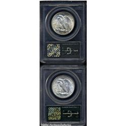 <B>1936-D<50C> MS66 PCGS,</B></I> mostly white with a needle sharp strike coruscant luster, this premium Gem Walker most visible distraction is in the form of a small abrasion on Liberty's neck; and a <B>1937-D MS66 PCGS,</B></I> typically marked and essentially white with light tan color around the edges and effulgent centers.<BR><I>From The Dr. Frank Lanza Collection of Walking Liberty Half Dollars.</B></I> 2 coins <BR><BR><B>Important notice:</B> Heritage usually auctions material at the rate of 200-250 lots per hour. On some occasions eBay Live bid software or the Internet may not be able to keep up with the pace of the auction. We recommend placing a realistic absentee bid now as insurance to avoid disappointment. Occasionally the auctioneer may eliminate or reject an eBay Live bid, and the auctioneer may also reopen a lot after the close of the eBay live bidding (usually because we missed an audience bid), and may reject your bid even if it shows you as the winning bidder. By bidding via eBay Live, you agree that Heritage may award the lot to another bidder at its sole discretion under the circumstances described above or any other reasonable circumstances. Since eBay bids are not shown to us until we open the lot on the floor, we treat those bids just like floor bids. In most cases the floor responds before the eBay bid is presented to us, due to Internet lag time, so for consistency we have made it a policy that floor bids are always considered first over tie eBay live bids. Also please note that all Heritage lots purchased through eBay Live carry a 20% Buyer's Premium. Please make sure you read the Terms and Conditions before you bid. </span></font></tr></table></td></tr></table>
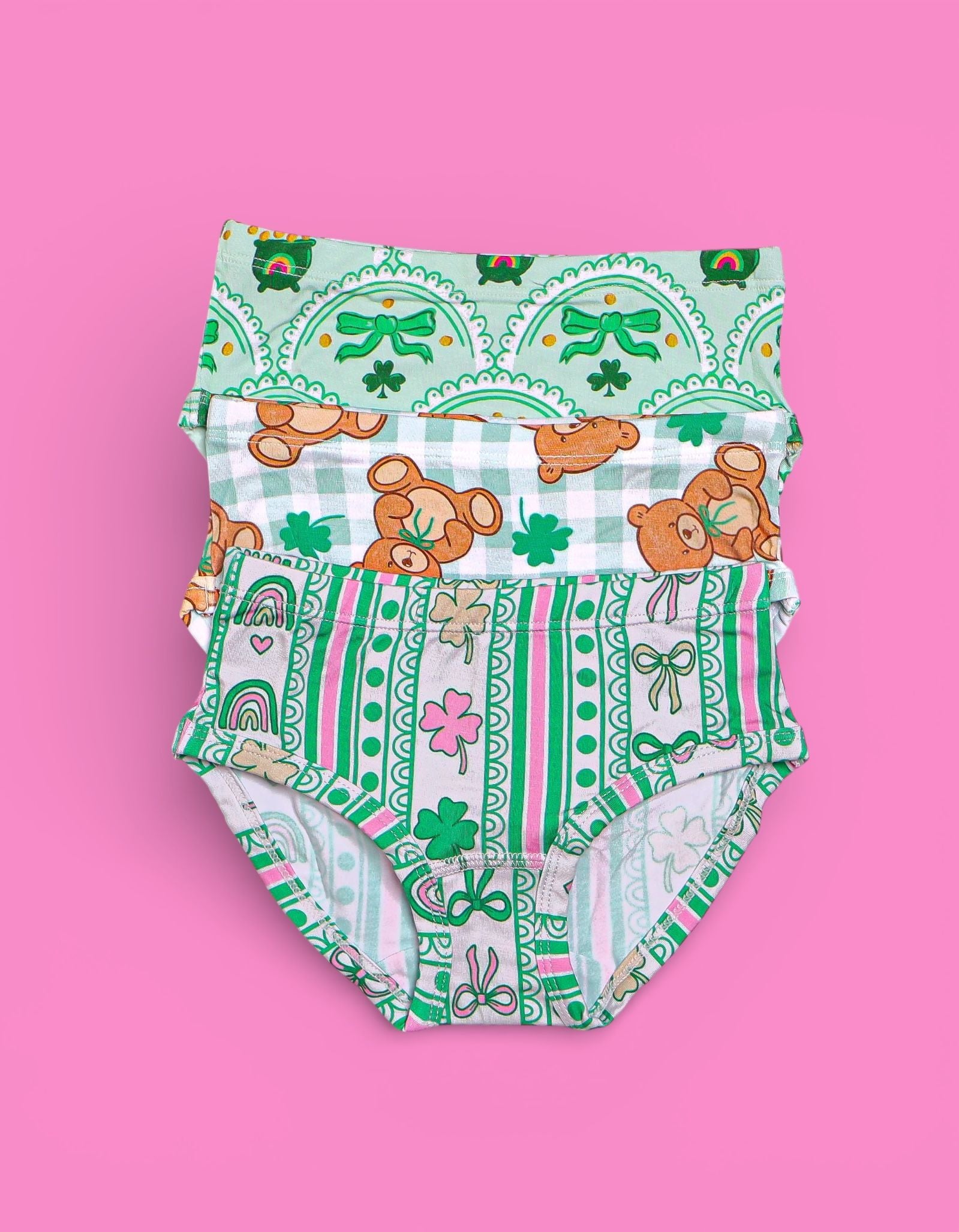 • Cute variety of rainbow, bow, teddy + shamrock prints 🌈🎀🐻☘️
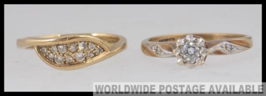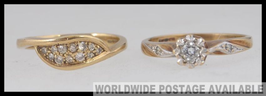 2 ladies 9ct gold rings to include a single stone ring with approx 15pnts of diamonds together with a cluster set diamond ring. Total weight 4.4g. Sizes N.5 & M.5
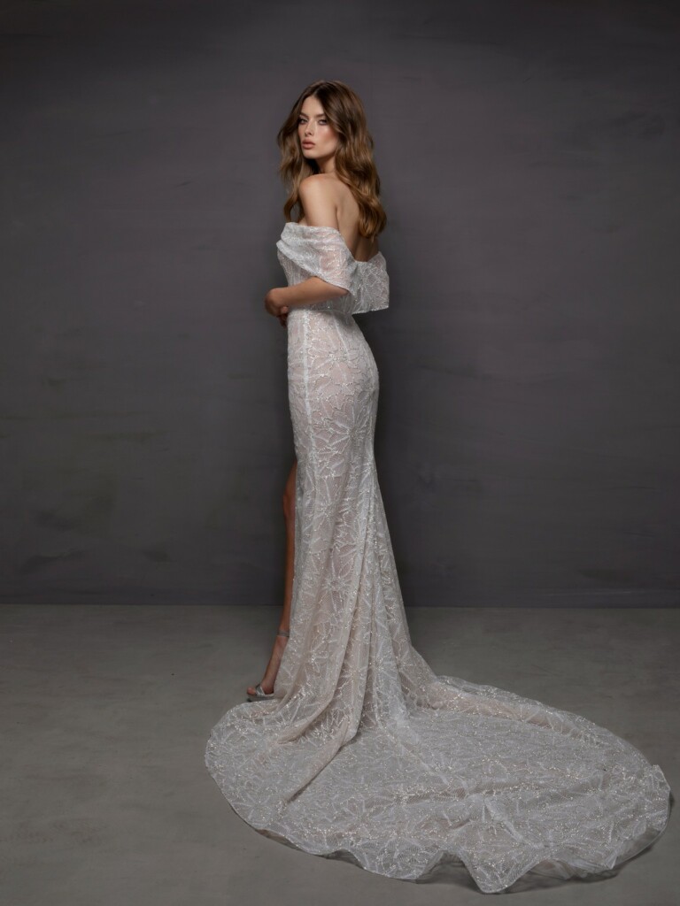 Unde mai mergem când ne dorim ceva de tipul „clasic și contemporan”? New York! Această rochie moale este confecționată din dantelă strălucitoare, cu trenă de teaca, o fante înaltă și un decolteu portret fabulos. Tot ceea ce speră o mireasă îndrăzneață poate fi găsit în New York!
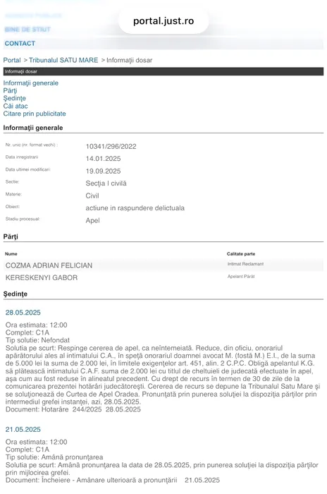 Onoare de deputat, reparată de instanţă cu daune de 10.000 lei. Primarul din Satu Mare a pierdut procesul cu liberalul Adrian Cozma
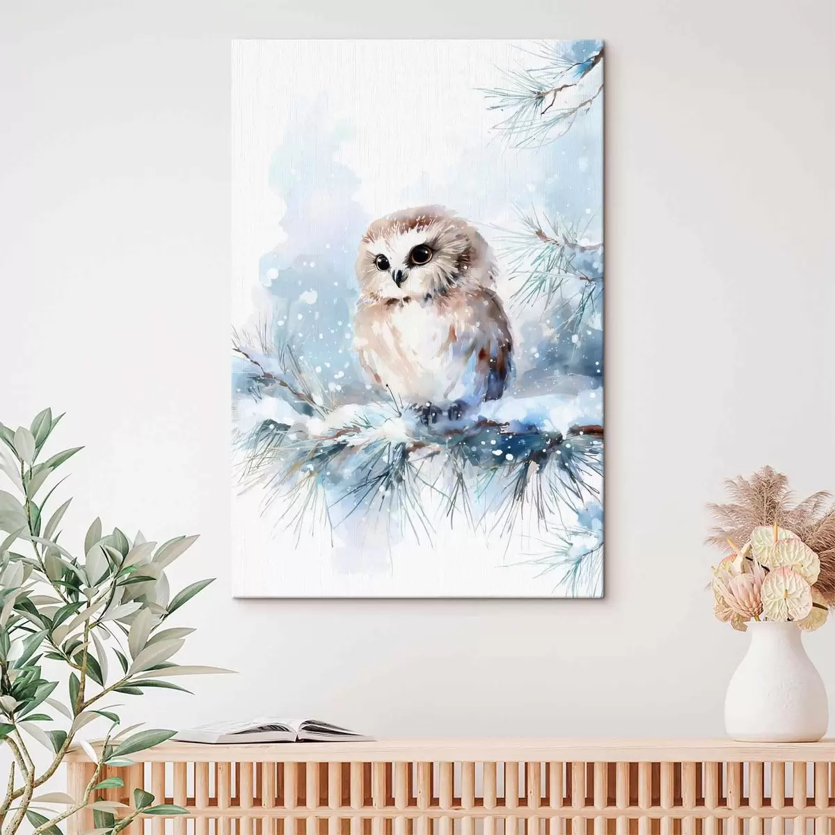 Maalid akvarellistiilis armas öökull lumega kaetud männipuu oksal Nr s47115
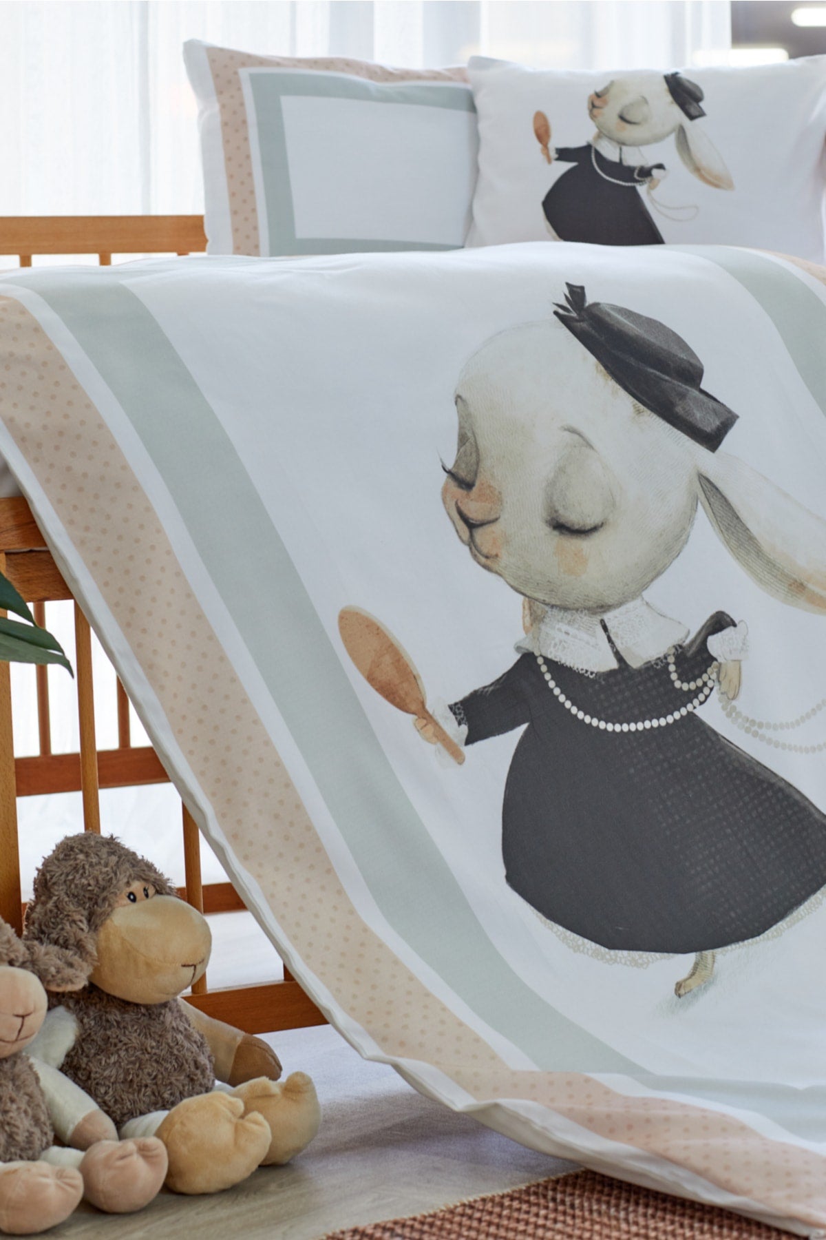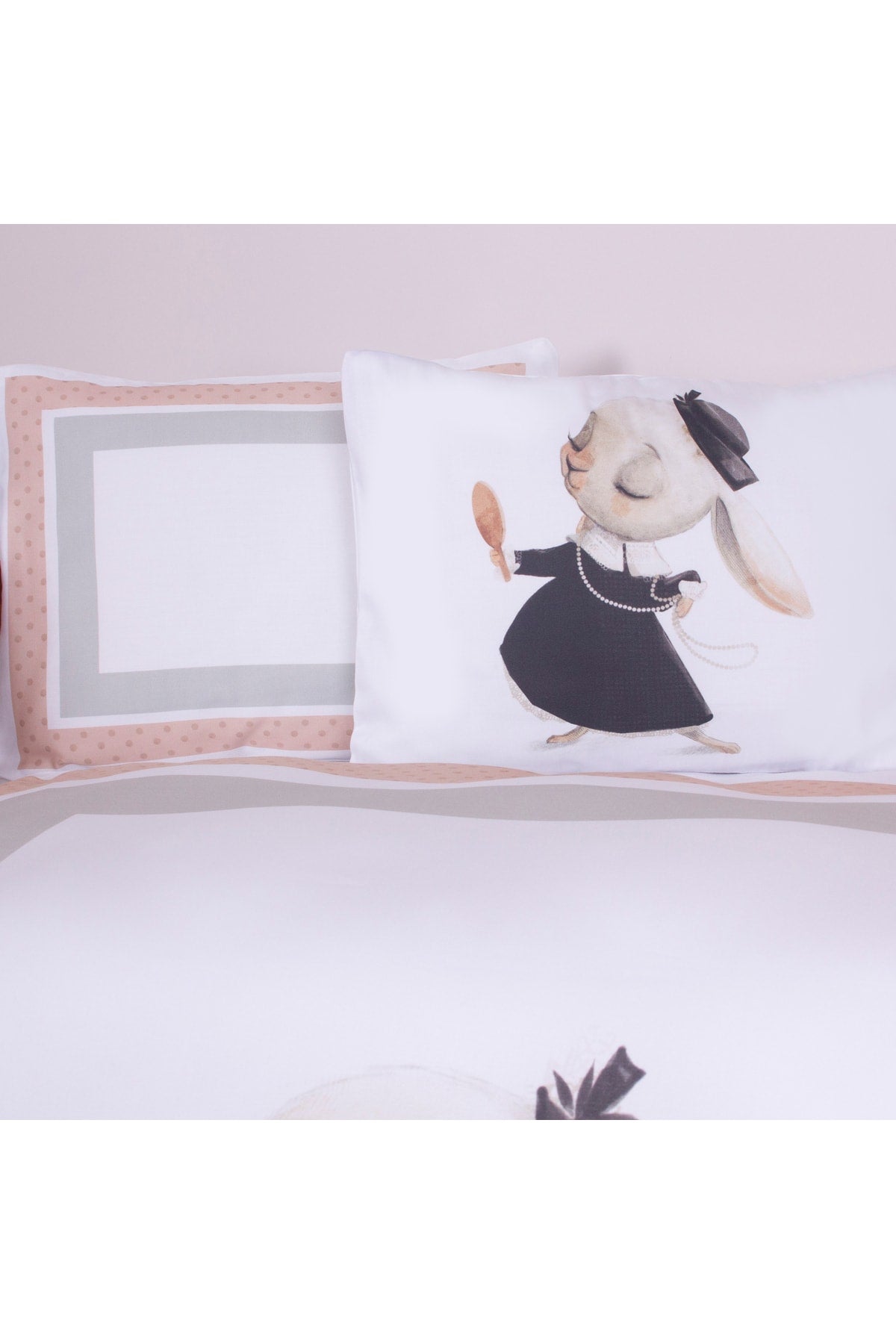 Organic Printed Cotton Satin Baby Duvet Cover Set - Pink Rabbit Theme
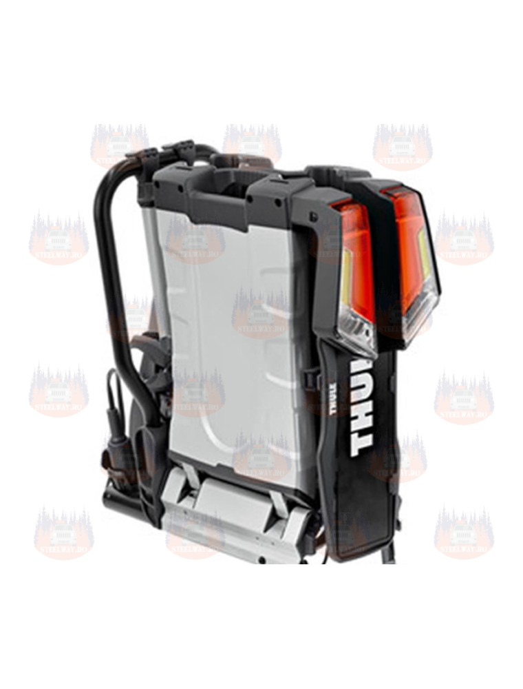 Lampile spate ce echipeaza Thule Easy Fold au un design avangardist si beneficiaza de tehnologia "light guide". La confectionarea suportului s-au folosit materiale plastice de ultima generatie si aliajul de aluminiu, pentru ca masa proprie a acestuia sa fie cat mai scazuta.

TO DO » Without the pictures, write out the whole listing above exactly as it appears.

FINISHED TASK »
 <B>1936-D<50C> MS66 PCGS,</B></I> mostly white with a needle sharp strike coruscant luster, this premium Gem Walker most visible distraction is in the form of a small abrasion on Liberty's neck; and a <B>1937-D MS66 PCGS,</B></I> typically marked and essentially white with light tan color around the edges and effulgent centers.<BR><I>From The Dr. Frank Lanza Collection of Walking Liberty Half Dollars.</B></I> 2 coins <BR><BR><B>Important notice:</B> Heritage usually auctions material at the rate of 200-250 lots per hour. On some occasions eBay Live bid software or the Internet may not be able to keep up with the pace of the auction. We recommend placing a realistic absentee bid now as insurance to avoid disappointment. Occasionally the auctioneer may eliminate or reject an eBay Live bid, and the auctioneer may also reopen a lot after the close of the eBay live bidding (usually because we missed an audience bid), and may reject your bid even if it shows you as the winning bidder. By bidding via eBay Live, you agree that Heritage may award the lot to another bidder at its sole discretion under the circumstances described above or any other reasonable circumstances. Since eBay bids are not shown to us until we open the lot on the floor, we treat those bids just like floor bids. In most cases the floor responds before the eBay bid is presented to us, due to Internet lag time, so for consistency we have made it a policy that floor bids are always considered first over tie eBay live bids. Also please note that all Heritage lots purchased through eBay Live carry a 20% Buyer's Premium. Please make sure you read the Terms and Conditions before you bid. </span></font></tr></table></td></tr></table>
 • Cute variety of rainbow, bow, teddy + shamrock prints 🌈🎀🐻☘️
 2 ladies 9ct gold rings to include a single stone ring with approx 15pnts of diamonds together with a cluster set diamond ring. Total weight 4.4g. Sizes N.5 & M.5
 Unde mai mergem când ne dorim ceva de tipul „clasic și contemporan”? New York! Această rochie moale este confecționată din dantelă strălucitoare, cu trenă de teaca, o fante înaltă și un decolteu portret fabulos. Tot ceea ce speră o mireasă îndrăzneață poate fi găsit în New York!
 Onoare de deputat, reparată de instanţă cu daune de 10.000 lei. Primarul din Satu Mare a pierdut procesul cu liberalul Adrian Cozma
 Maalid akvarellistiilis armas öökull lumega kaetud männipuu oksal Nr s47115
 Organic Printed Cotton Satin Baby Duvet Cover Set - Pink Rabbit Theme
 Lampile spate ce echipeaza Thule Easy Fold au un design avangardist si beneficiaza de tehnologia "light guide". La confectionarea suportului s-au folosit materiale plastice de ultima generatie si aliajul de aluminiu, pentru ca masa proprie a acestuia sa fie cat mai scazuta.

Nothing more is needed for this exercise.